Masciotra calls, in his first sentence, My Struggle a memoir, a term which Knausgård has disavowed.  True the book is drawn from Knausgård’s experience, but he has used the tools of a novelist to construct a story that goes beyond the artistic license of the memoir.

Also, Masciotra says that Knausgård has retired from writing, a statement I’m suspicious of given that Knausgård addressed this point in his public reading at the Lillian Vernon Writers Center on the third of May, a reading and discussion I attended with my friend Rasan.  What I recall Knausgård saying was that he is no longer an author, or at least the narrator of My Struggle is no longer an author, suggesting a distinction between authors and writers.  Knausgård himself, as was implied, might carry on writing hefty tomes for the foreseeable future.  Although there is something appealing in this idea of the great refusal, the conviction to put down the pen and not write another word.  It’s possible that Knausgård has the strength to join the legion of great literary Bartlebys.  On the other hand, after writing a 3,600 page book in the space of three or four years, he just might need the rest.

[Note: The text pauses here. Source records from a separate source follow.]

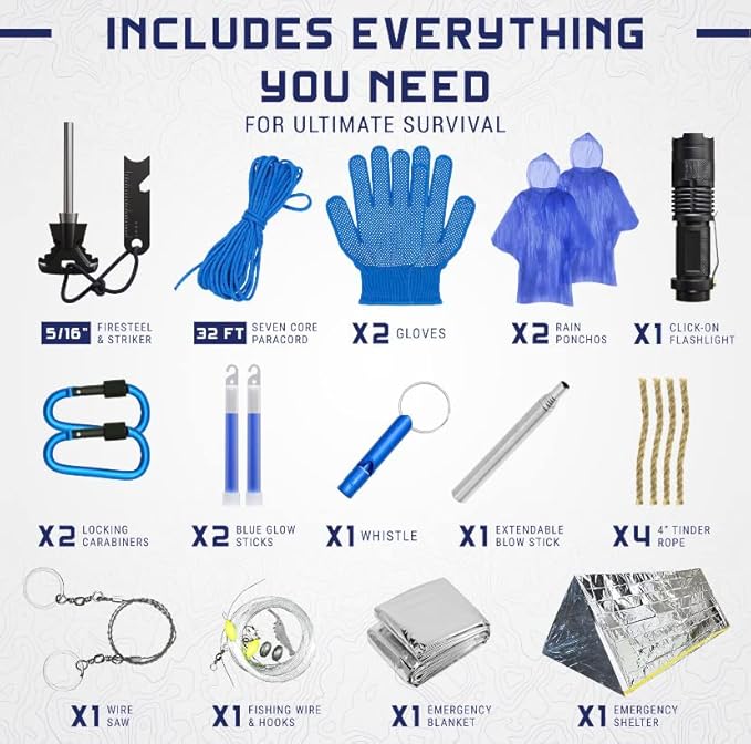 - SPOT YOUR SURVIVAL TOOLS IN SECONDS with the striking all-blue color of our disaster preparedness kit. This outdoor survival kit is the ultimate solution to quickly locate your gear, so you can handle any emergency with ease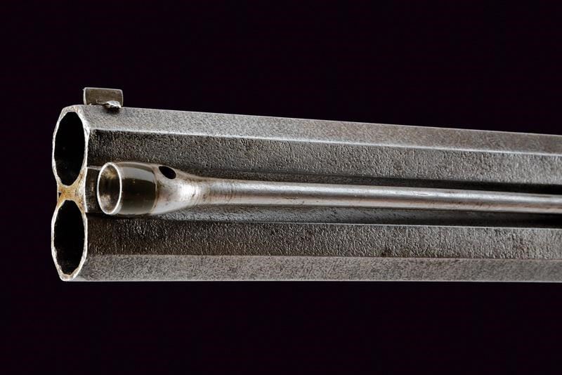 Canne ottagonali, rigate, in damasco ed unite da bindella; alzo e mirino, cal. 17 mm in volata. Batterie a luminello a molla indietro con cartelle piatte decorate con incisioni a motivi floreali, i cani incisi en suite. Calcio in legno (piccoli difetti) con collo zigrinato. Fornimenti in ferro, ponticello inciso en suite alle batterie. Bacchetta laterale in ferro con battipalla in ottone.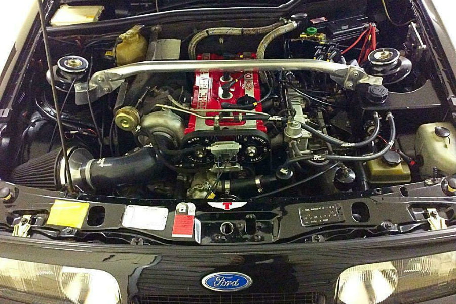 Δείτε το συγκεκριμένο, για παράδειγμα. Είναι του 1987, με 94.951 χιλιόμετρα (59.000 μίλια), δεξιοτίμονο, σε εξαιρετική κατάσταση -όπως δηλώνει ο σημερινός ιδιοκτήτης- και βελτιωμένο στα 450 άλογα. Ο υπερτροφοδοτούμενος κινητήρας των 1.993 κ.εκ. της Cosworth εξάλλου, έχτισε ολόκληρη βελτιωτική δυναστεία με την έφεση και αντοχή του στο «πείραγμα», οπότε o διπλασιασμός της εργοστασιακής ισχύος (224 άλογα) δεν θα πρέπει να προκαλεί φόβο για την ακεραιότητα του μοτέρ. Οι ανάλογες βελτιώσεις υπάρχουν σε ανάρτηση και φρένα, με ένα custom kit της AP Racing να αναλαμβάνει την επιβράδυνση των 1.227 κιλών του αμαξώματος.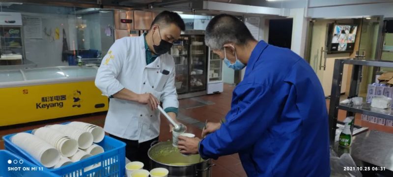 為了確保餐飲能夠及時(shí)送達(dá)各防疫點(diǎn),城關(guān)物業(yè)董事長(zhǎng)楊民召從早上5:30開始就帶領(lǐng)大家在配餐間忙碌起來。他一邊配餐,一邊不停地看時(shí)間,只為確保防疫一線的工作人員吃上熱乎可口的飯菜。他說到,“我們的愛心餐要一直送下去,絕對(duì)不能讓辛苦在防疫一線的工作人員在吃飯上有后顧之憂。”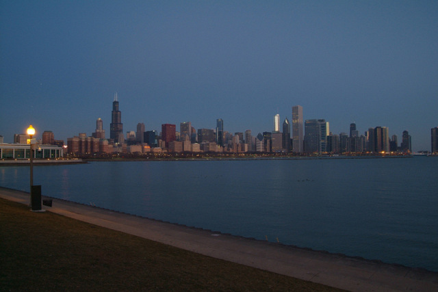 I have a few spots in mind, one being this one below, which is out along the Museum Campus drive looking back towards the city. Unfortunately for me, I ran right into Bears game security and parking authority! Slap to the head! Doh!

Another way of thinking about the author / writer distinction is that Knausgård, by speed writing and minimally editing and possibly not even rereading whole sections of his book after a day of feverishly pecking away at the keyboard, was operating in the mode of a writer, a typist taking dictation from his (sub?)conscious.  If he were to act as an author, the process of bringing My Struggle into existence would have been a more deliberate one and probably would have resulted in a more distilled product, a mere 1000 pages, say.  I suspect that the narrator of My Struggle reaches the end of his labors and realizes that he has not acted as an author.  Unfortunately, I can’t test my idea against the text of Book Six since (at this rate) I probably won’t see the English translation until 2017.